STUDY MATERIAL below:

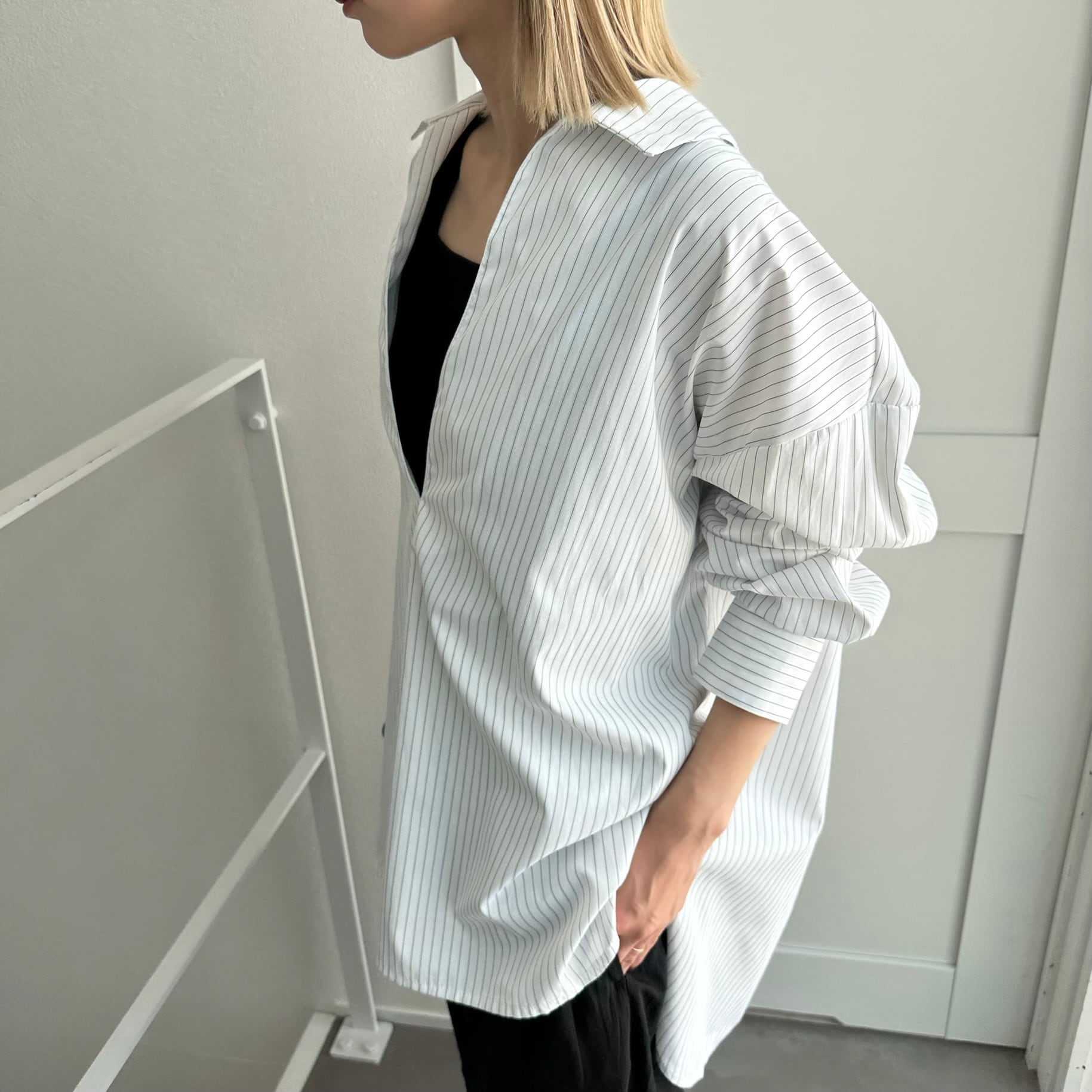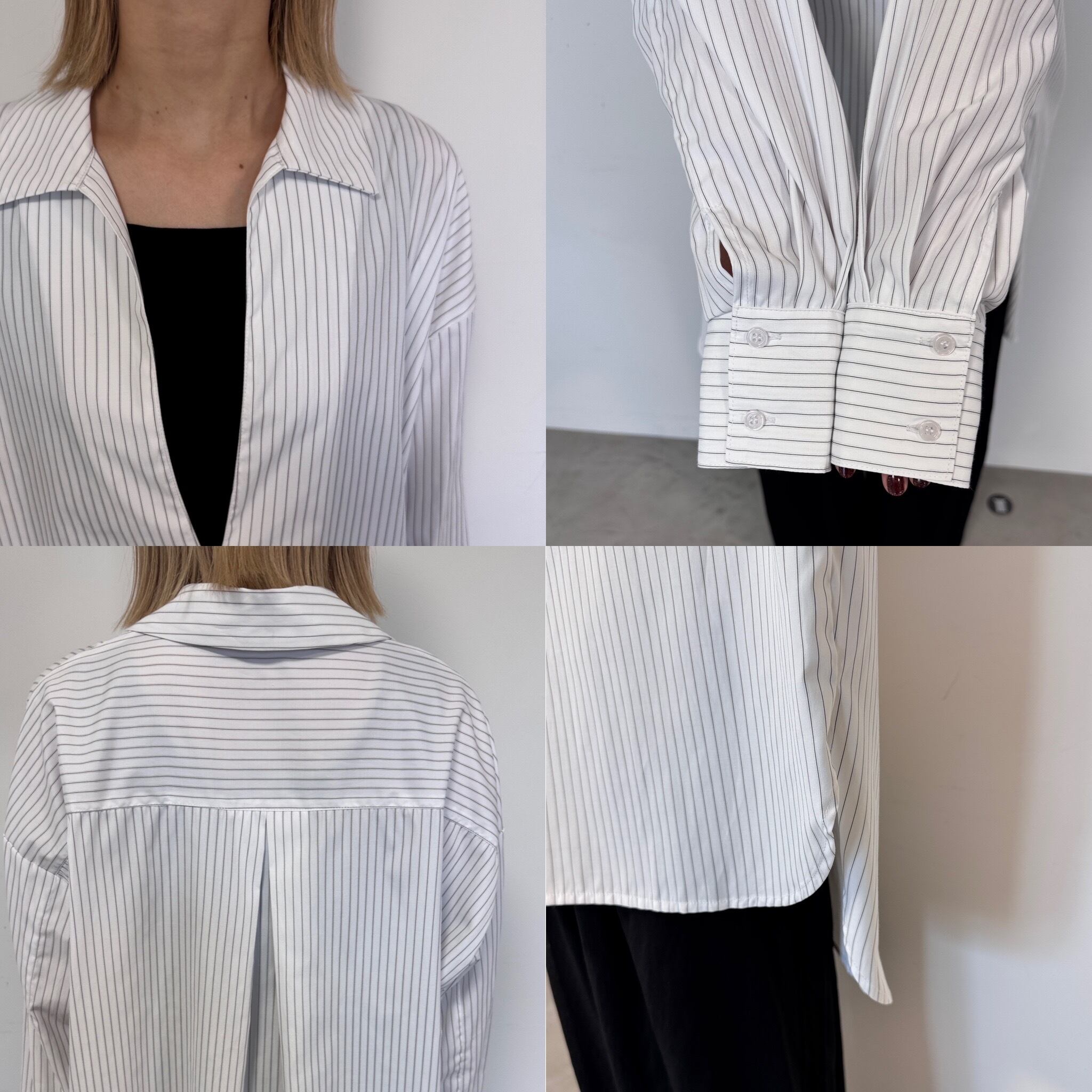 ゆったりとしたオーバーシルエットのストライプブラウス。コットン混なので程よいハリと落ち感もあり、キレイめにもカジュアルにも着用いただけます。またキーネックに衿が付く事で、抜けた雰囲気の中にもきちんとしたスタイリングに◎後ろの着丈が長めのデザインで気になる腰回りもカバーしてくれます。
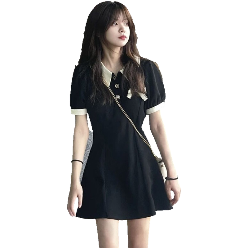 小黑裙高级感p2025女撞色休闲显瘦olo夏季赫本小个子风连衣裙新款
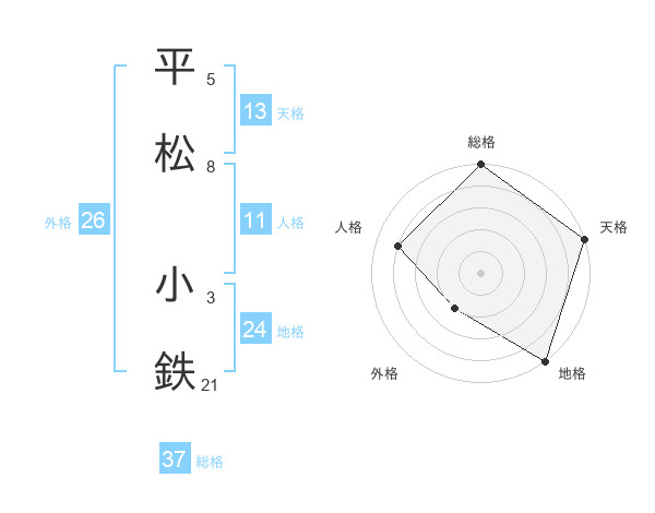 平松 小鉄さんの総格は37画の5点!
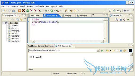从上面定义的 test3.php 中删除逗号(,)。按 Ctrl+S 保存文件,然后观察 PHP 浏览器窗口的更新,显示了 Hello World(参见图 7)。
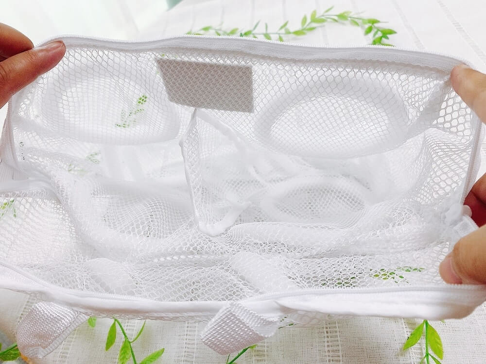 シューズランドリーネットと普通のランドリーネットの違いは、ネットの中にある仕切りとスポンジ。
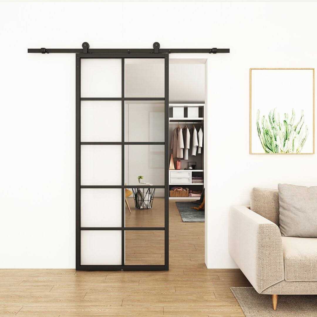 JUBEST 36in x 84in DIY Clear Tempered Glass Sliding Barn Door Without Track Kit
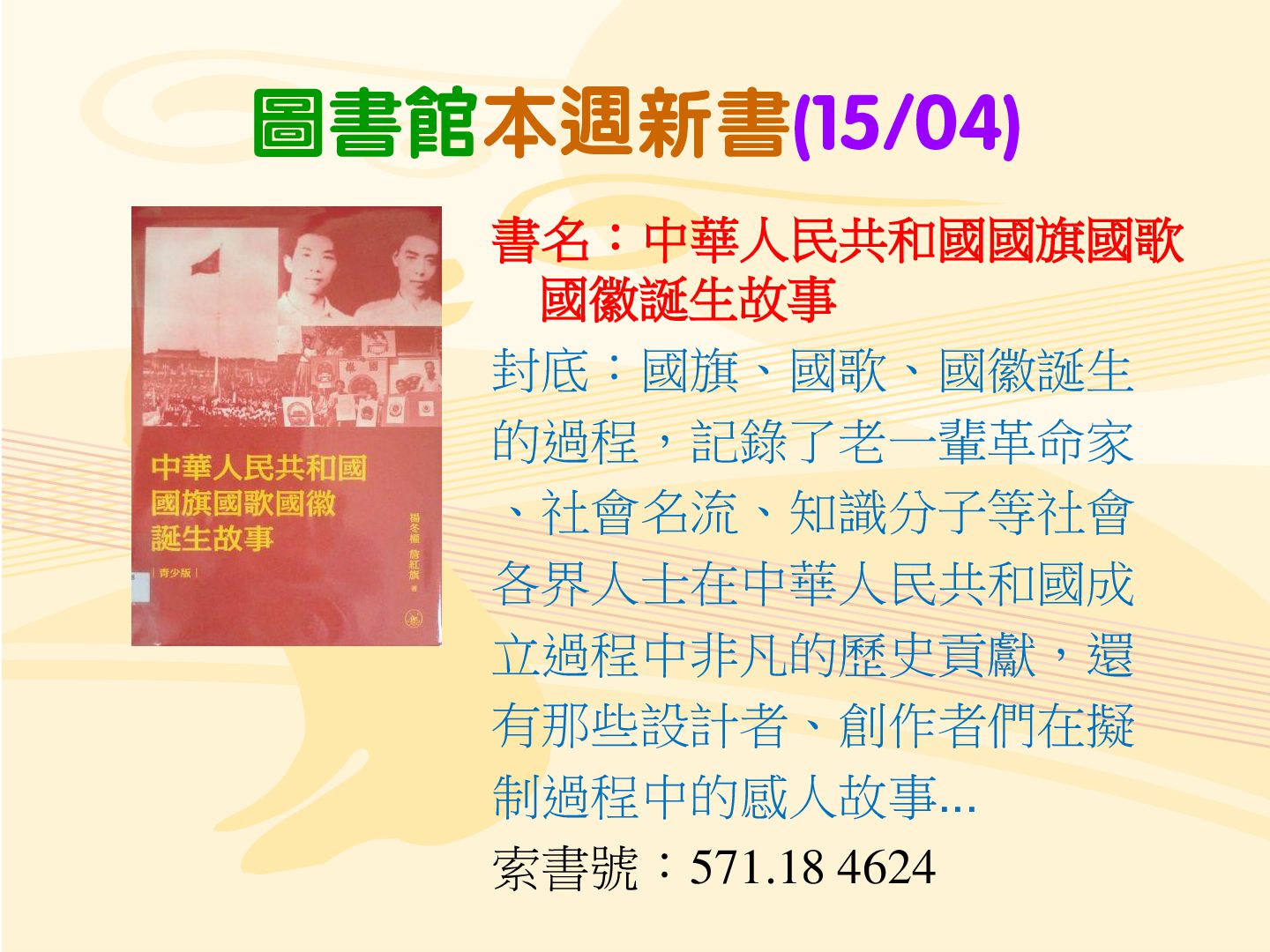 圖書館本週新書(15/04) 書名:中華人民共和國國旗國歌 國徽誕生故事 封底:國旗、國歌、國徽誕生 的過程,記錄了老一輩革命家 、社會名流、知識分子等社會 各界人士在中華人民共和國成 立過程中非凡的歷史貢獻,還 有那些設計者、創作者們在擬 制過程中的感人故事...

End of STUDY MATERIAL.

**TRY IT**
Output only the lines running from the top of the data above to the line with "シューズランドリーネットと普", inclusive, word for word and without pictures.

**RESULT OF THIS EXERCISE**
 ゆったりとしたオーバーシルエットのストライプブラウス。コットン混なので程よいハリと落ち感もあり、キレイめにもカジュアルにも着用いただけます。またキーネックに衿が付く事で、抜けた雰囲気の中にもきちんとしたスタイリングに◎後ろの着丈が長めのデザインで気になる腰回りもカバーしてくれます。
 小黑裙高级感p2025女撞色休闲显瘦olo夏季赫本小个子风连衣裙新款
 平松 小鉄さんの総格は37画の5点!
从上面定义的 test3.php 中删除逗号(,)。按 Ctrl+S 保存文件,然后观察 PHP 浏览器窗口的更新,显示了 Hello World(参见图 7)。
 シューズランドリーネットと普通のランドリーネットの違いは、ネットの中にある仕切りとスポンジ。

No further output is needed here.